In this Still Life from the Galleria d’Arte Moderna, a desire for harmony between the immediacy of the visual sensation and the depth of the observation is palpable. This desire mediates the detachment from reality, creating a tension undoubtedly linked to the cultural debates of those years, especially the value of tradition and a dialogue with the antique.

Morandi, with strength and autonomy, inserts this and other works into a broader artistic milieu, which only a partial view can link solely to the political propaganda of the Fascist regime. Even though, the intentions of the rising regime to create a propagandistic national art started to outline in those years, the theory of the ritorno all’ordine did not interfere with the eremitic research of the Bolognese artist.

Far from clamor, controversy or easy success, Morandi participated in the Quadriennali Nazionali of 1931 and 1935. The exhibitions, organized by the regime at the Palazzo delle Esposizioni in Rome, consisted in a comprehensive representation of the Italian artistic production, exhibiting the most prestigious artists of the time. Both in 1931 and in 1935, the Governatorato of Rome acquired for its “contemporary works” collection – inaugurated in the Capitol as Galleria Mussolini in 1931- the Still Life and the etchings held today in the collection of the Galleria d’Arte Moderna.

In the early 1930s, Rome represented for the regime not only the political and administrative capital city, but also the capital of the arts. The Galleria Mussolini was, indeed, to take the role of National Museum—becoming, by the number and value of acquisitions, highly representative of contemporary Italian art. Even those isolated acquisitions, such as the Still Life by Giorgio Morandi, do not cease to surprise us today for their artistic value, along with works such as The Family by Mario Sironi, The Combat of the Gladiators by Giorgio de Chirico, Renato Guttuso’s Self-Portrait of 1937, Arturo Martini’s Shepherd, or Marino Marini’s Bather.

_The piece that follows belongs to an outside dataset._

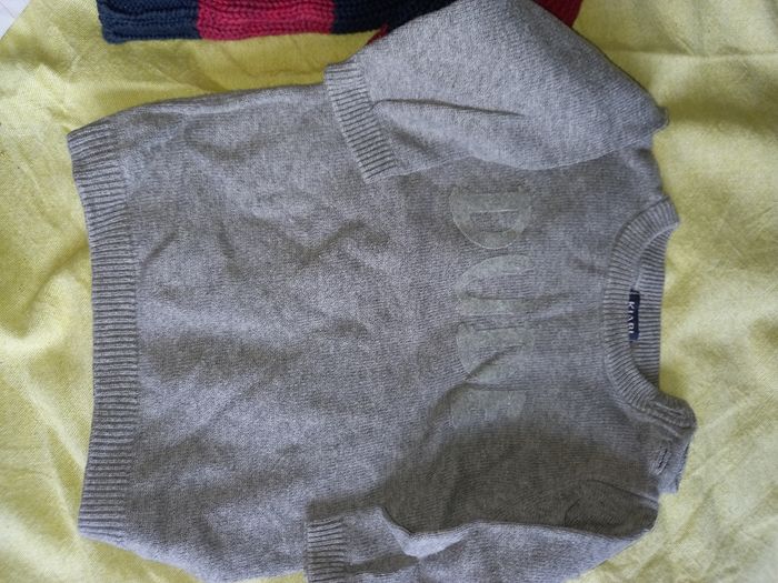 Lot de 2 1 pull gris maille 1 gilet maille marine et rouge

In 1938, by order of the Fascist state, the Galleria Mussolini was closed and most of its representative works were transferred to the Galleria Nazionale d’Arte Moderna, considered the only institution appropriate for documenting the state of contemporary art. Morandi’s Still Life formed part of that transfer. Although it returned only recently to the collection where it first belonged, it has never ceased to feature in the most important national and international exhibitions dedicated to the artist.